We are recently picking some patches selectively from the ext4-stable
branch of the ext4 git tree and applied them to our internal ext4
tree(mostly based on a 2.6.26 kernel with some of our own changes),
and when we applied the following patch:

"ext4: fix BUG when calling ext4_error with locked block group"
http://git.kernel.org/?p=linux/kernel/git/tytso/ext4.git;a=commit;h=be8f3df12cddeb352dd624fba9bf46a2de5711f3

We hit filesystem errors reported by fsck after we run dbench, an
example of the error is as follows:
// run dbench
dbench complete!
starting fsck...
e2fsck 1.41.3 (12-Oct-2008)
/dev/hdk3 contains a file system with errors, check forced.
Pass 1: Checking inodes, blocks, and sizes
Pass 2: Checking directory structure
Pass 3: Checking directory connectivity
Pass 4: Checking reference counts
Pass 5: Checking group summary information
Free inodes count wrong (45793274, counted=45793269).
Fix? no


/dev/hdk3: ********** WARNING: Filesystem still has errors **********

/dev/hdk3: 6/45793280 files (0.0% non-contiguous), 2891716/183143000 blocks

This problem seems to be the number of free inodes stored in the ext4
super block does not match the number counted by reading the inode
bitmaps.

Then I looked into the patch, especially the diff in the
ext4_commit_super in fs/ext4/super.c
http://git.kernel.org/?p=linux/kernel/git/tytso/ext4.git;a=blobdiff;f=fs/ext4/super.c;h=c53cab1e0a7fca1d9406f9bbb7c9cb661bae0567;hp=ed0406de6cae7379df9f72f272ade1a18df3966b;hb=be8f3df12cddeb352dd624fba9bf46a2de5711f3;hpb=e8470671cf71ec6361b71b3c95a1a1392c5cfa75

@@ -2868,8 +2906,11 @@ static void ext4_commit_super(struct super_block *sb,
set_buffer_uptodate(sbh);
}
es->s_wtime = cpu_to_le32(get_seconds());
- ext4_free_blocks_count_set(es, ext4_count_free_blocks(sb));
- es->s_free_inodes_count = cpu_to_le32(ext4_count_free_inodes(sb));
+ ext4_free_blocks_count_set(es, percpu_counter_sum_positive(
+ &EXT4_SB(sb)->s_freeblocks_counter));
+ es->s_free_inodes_count = cpu_to_le32(percpu_counter_sum_positive(
+ &EXT4_SB(sb)->s_freeinodes_counter));
+
BUFFER_TRACE(sbh, "marking dirty");
mark_buffer_dirty(sbh);
if (sync) {

seems like the new code only looks into the s_freeinodes_counter field
while the old code calls ext4_count_free_inodes(sb) and calculates the
count by adding up the free inode number from each block group.

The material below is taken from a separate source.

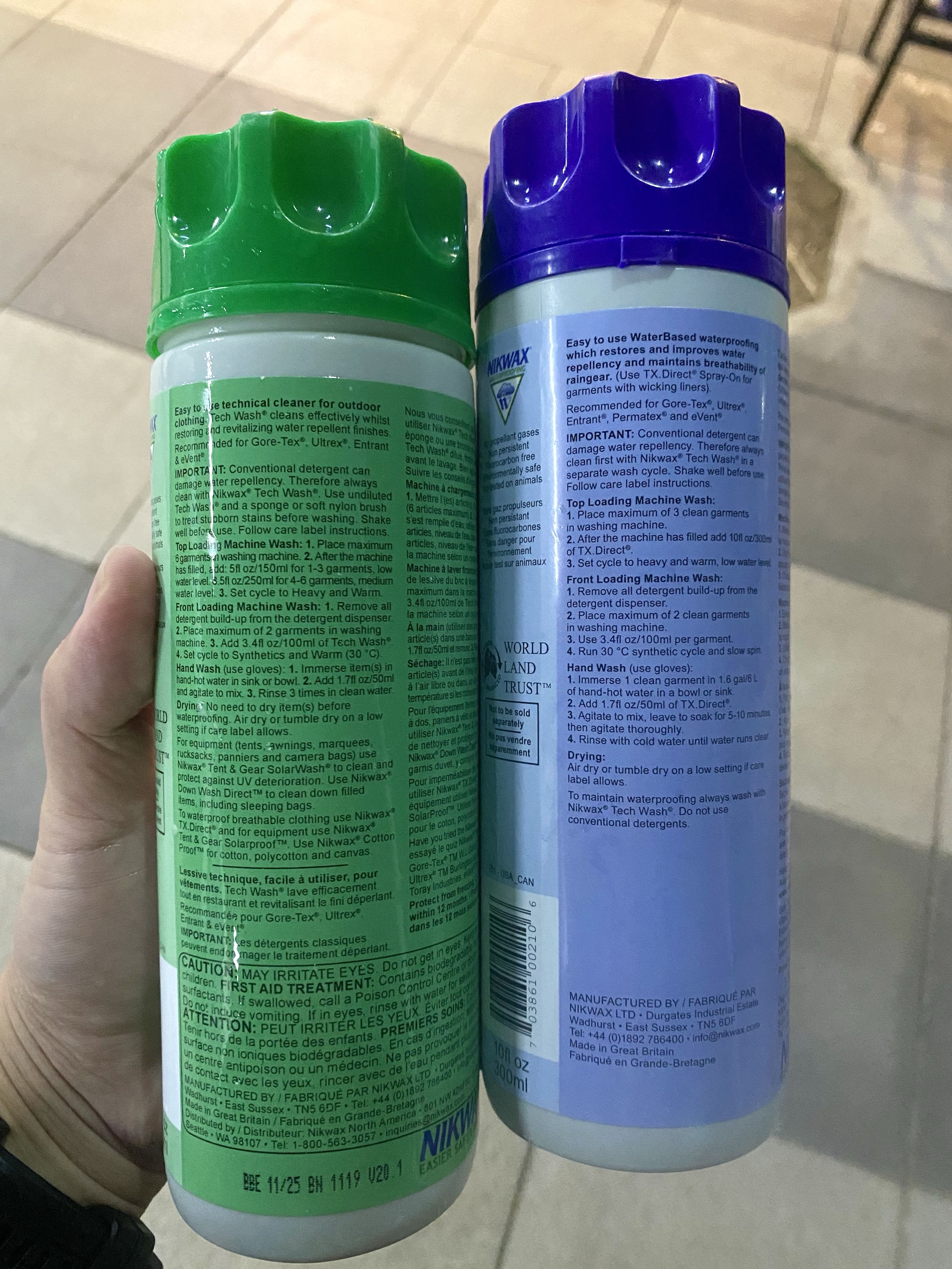 🔹 วิธีการเคลือบสารกันน้ำ ก็แสนง่าย ซื้อน้ำยา Waterproof Wash มาใช้ค่ะ นี่ซื้อน้ำยายี่ห้อ Nikwax มาจากอเมริกา มี 2 ขวด ต้องใช้คู่กัน : Tech Wash เอาไว้ล้างชุดให้สะอาดเอี่ยมอ่อง เอาสิ่งสกปรกออกจากรูขุมขนของเนื้อผ้า ส่วนต่อมาคือ TX.Direct Wash In เป็นตัวเคลือบสาร “กันน้ำ” ไปที่ผิวผ้า

So I tried reverting this particular portion of the patch, and reran
the dbench with the newly built kernel a couple of times, and the fsck
showed the file system to be clean.

I am just curious to see if anyone has ever seen this problem as I do
and whether there is a later fix for this. Of course, since I did not
apply all the patches from the ext4-stable branch, nor did I apply
patches on a public ext4 tree(I am only working on our internal tree),
that might already be a big problem. Still I would like to see why my
reverting this portion of the patch seems to be a temporarily fix?

thanks,
Xiang


2009-02-21 01:30:01

by Theodore Ts'o

[permalink] [raw]
Subject: Re: fsck errors encountered when applying patch "ext4: fix BUG when calling ext4_error with locked block group"

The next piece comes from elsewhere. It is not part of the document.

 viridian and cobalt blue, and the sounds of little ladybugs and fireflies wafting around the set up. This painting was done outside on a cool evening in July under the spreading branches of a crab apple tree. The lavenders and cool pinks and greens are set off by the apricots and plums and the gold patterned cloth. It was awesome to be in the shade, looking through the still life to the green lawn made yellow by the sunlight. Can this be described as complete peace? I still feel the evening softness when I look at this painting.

On Fri, Feb 20, 2009 at 03:31:36PM -0800, Xiang Wang wrote:
> We hit filesystem errors reported by fsck after we run dbench, an
> example of the error is as follows:
> // run dbench
> dbench complete!
> starting fsck...
> e2fsck 1.41.3 (12-Oct-2008)
> /dev/hdk3 contains a file system with errors, check forced.

Hmm, that's interesting. Can you check the system logs and see what
sort of errors were flagged by ext4? There may have been some sort of
issue which caused the filesystem to set the ERROR_FS flag. It would
be useful to see what the filesystem complained about.

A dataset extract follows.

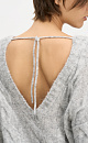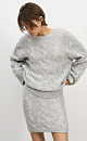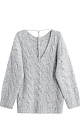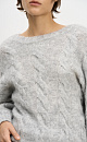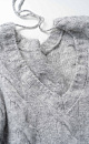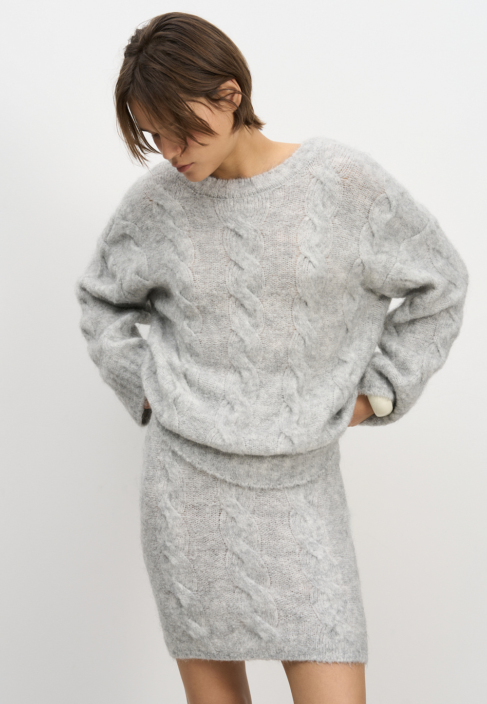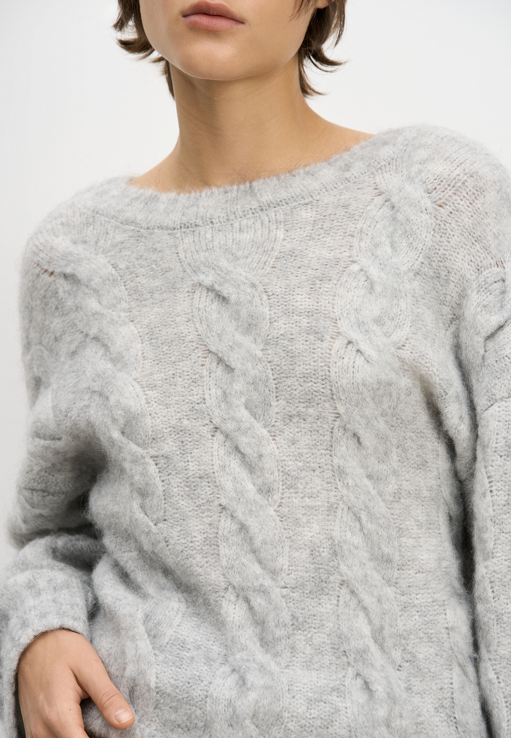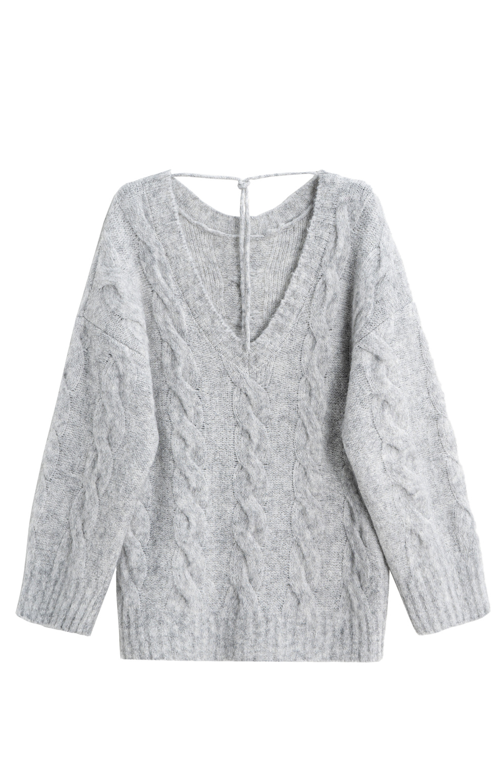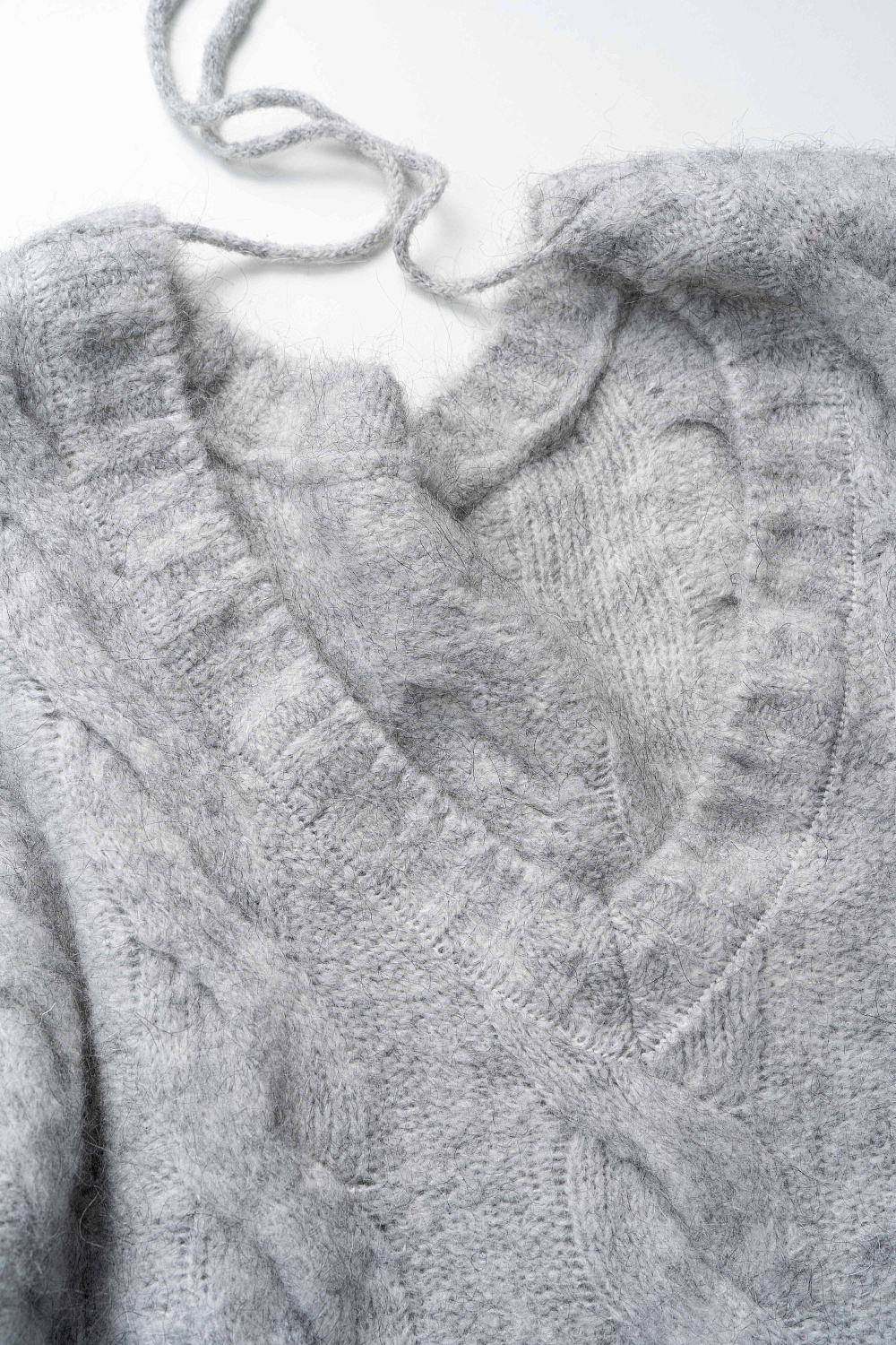 Knitted jumper made of wool and mohair. The model has a loose silhouette with dropped shoulders, long sleeves, a round neckline and a deep cutout at the back, secured with a drawstring. The product is decorated with textured knitting in the form of braids. The edges of the product are ribbed.

> This problem seems to be the number of free inodes stored in the ext4
> super block does not match the number counted by reading the inode
> bitmaps.
>
> Then I looked into the patch, especially the diff in the
> ext4_commit_super in fs/ext4/super.c
> http://git.kernel.org/?p=linux/kernel/git/tytso/ext4.git;a=blobdiff;f=fs/ext4/super.c;h=c53cab1e0a7fca1d9406f9bbb7c9cb661bae0567;hp=ed0406de6cae7379df9f72f272ade1a18df3966b;hb=be8f3df12cddeb352dd624fba9bf46a2de5711f3;hpb=e8470671cf71ec6361b71b3c95a1a1392c5cfa75
>
> @@ -2868,8 +2906,11 @@ static void ext4_commit_super(struct super_block *sb,
> set_buffer_uptodate(sbh);
> }
> es->s_wtime = cpu_to_le32(get_seconds());
> - ext4_free_blocks_count_set(es, ext4_count_free_blocks(sb));
> - es->s_free_inodes_count = cpu_to_le32(ext4_count_free_inodes(sb));
> + ext4_free_blocks_count_set(es, percpu_counter_sum_positive(
> + &EXT4_SB(sb)->s_freeblocks_counter));
> + es->s_free_inodes_count = cpu_to_le32(percpu_counter_sum_positive(
> + &EXT4_SB(sb)->s_freeinodes_counter));
> +
> BUFFER_TRACE(sbh, "marking dirty");
> mark_buffer_dirty(sbh);
> if (sync) {
>
> seems like the new code only looks into the s_freeinodes_counter field
> while the old code calls ext4_count_free_inodes(sb) and calculates the
> count by adding up the free inode number from each block group.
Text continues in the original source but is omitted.